What the task asks: Transcribe the entries below exactly, starting with the line that has "从存量房来看,2023年07" and stopping after the line that has "Tak hanya itu, tim"; no pictures belong in the copy.

Task inputs:
--- START ---
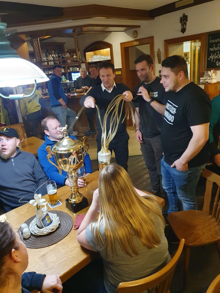 Bei diesem Duell stand eines im Mittelpunkt – die Gaude. So waren die beiden „Moare“ in nostalgischen Uniformen unterwegs und es nahmen auch viele Mitglieder teil, die den Eisstock heuer erstmals kennenlernen durften. Trotzdem ging es beim Match sehr knapp her und die Entscheidung fiel erst auf der letzten Kehre. Dies musste im Anschluss natürlich im Gasthaus List-Wiesbauer bei Schweinsbraten noch ausführlich besprochen und gefeiert werden.
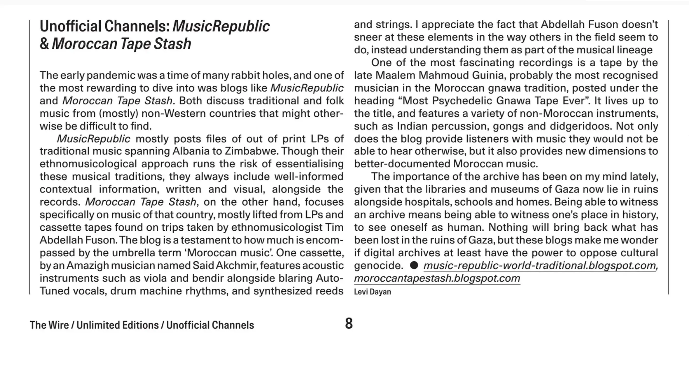 Levi Dayan. “Unofficial Channels: MusicRepublic & Moroccan Tape Stash”. The Wire 484, p. 8. June 2024.
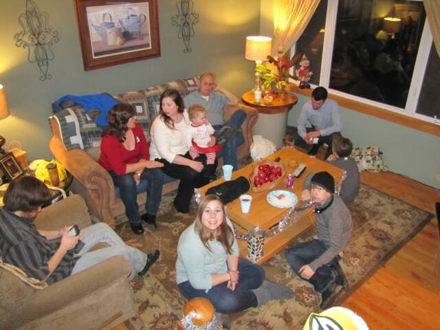 getting information for me about how long to cook the potatoes'. Next came the rest of the Tremls who all pitched in to help while I cut up the ham. Dinner this year was a bit late and came at about 7 PM but no one seemed to mind and everyone kept busy chatting or watching the free presentation of the Turkey Bowl number XV. All in all after the count was made it would seem that 62 people attended the Christmas Eve party this year not counting the Kat and myself.
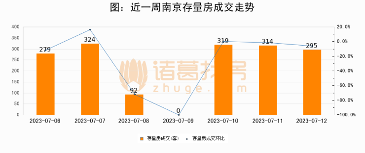 从存量房来看,2023年07月12日南京存量房单日成交295套,比昨日减少19套,环比下降6%。从近一周存量房成交来看,南京存量房日均成交套数为231套,07月12日单日成交295套,高于近一周平均水平27.7%。
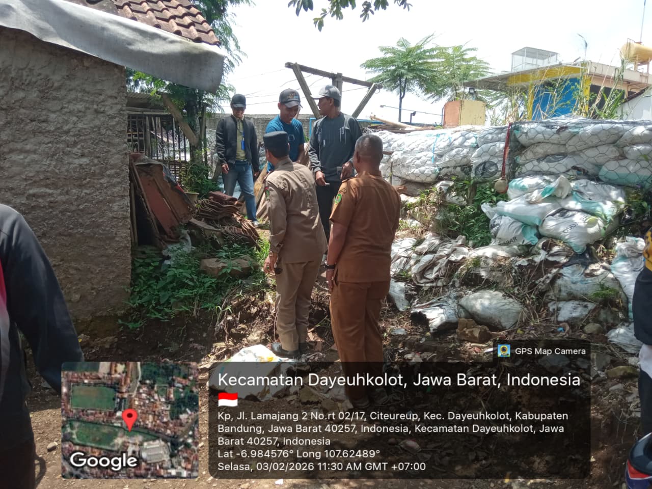 Tak hanya itu, tim Pentahelix juga melakukan survei rencana pemasangan Tembok Penahan Tanah (TPT) yang berlokasi di RW 17 Desa Citeureup sekaligus melakukan sosialisasi penertiban bangunan liar (bangli) di sekitar lolasi.
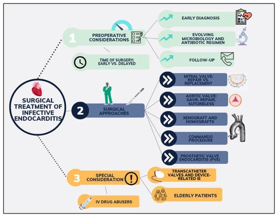 Chicago/Turabian StyleArjomandi Rad, Arian, Alina Zubarevich, Anja Osswald, Robert Vardanyan, Dimitrios E. Magouliotis, Ali Ansaripour, Antonios Kourliouros, Michel Pompeu Sá, Tienush Rassaf, Arjang Ruhparwar, and et al. 2024. "The Surgical Treatment of Infective Endocarditis: A Comprehensive Review" Diagnostics 14, no. 5: 464. https://doi.org/10.3390/diagnostics14050464
--- END ---
Exercise result:
 从存量房来看,2023年07月12日南京存量房单日成交295套,比昨日减少19套,环比下降6%。从近一周存量房成交来看,南京存量房日均成交套数为231套,07月12日单日成交295套,高于近一周平均水平27.7%。
 Tak hanya itu, tim Pentahelix juga melakukan survei rencana pemasangan Tembok Penahan Tanah (TPT) yang berlokasi di RW 17 Desa Citeureup sekaligus melakukan sosialisasi penertiban bangunan liar (bangli) di sekitar lolasi.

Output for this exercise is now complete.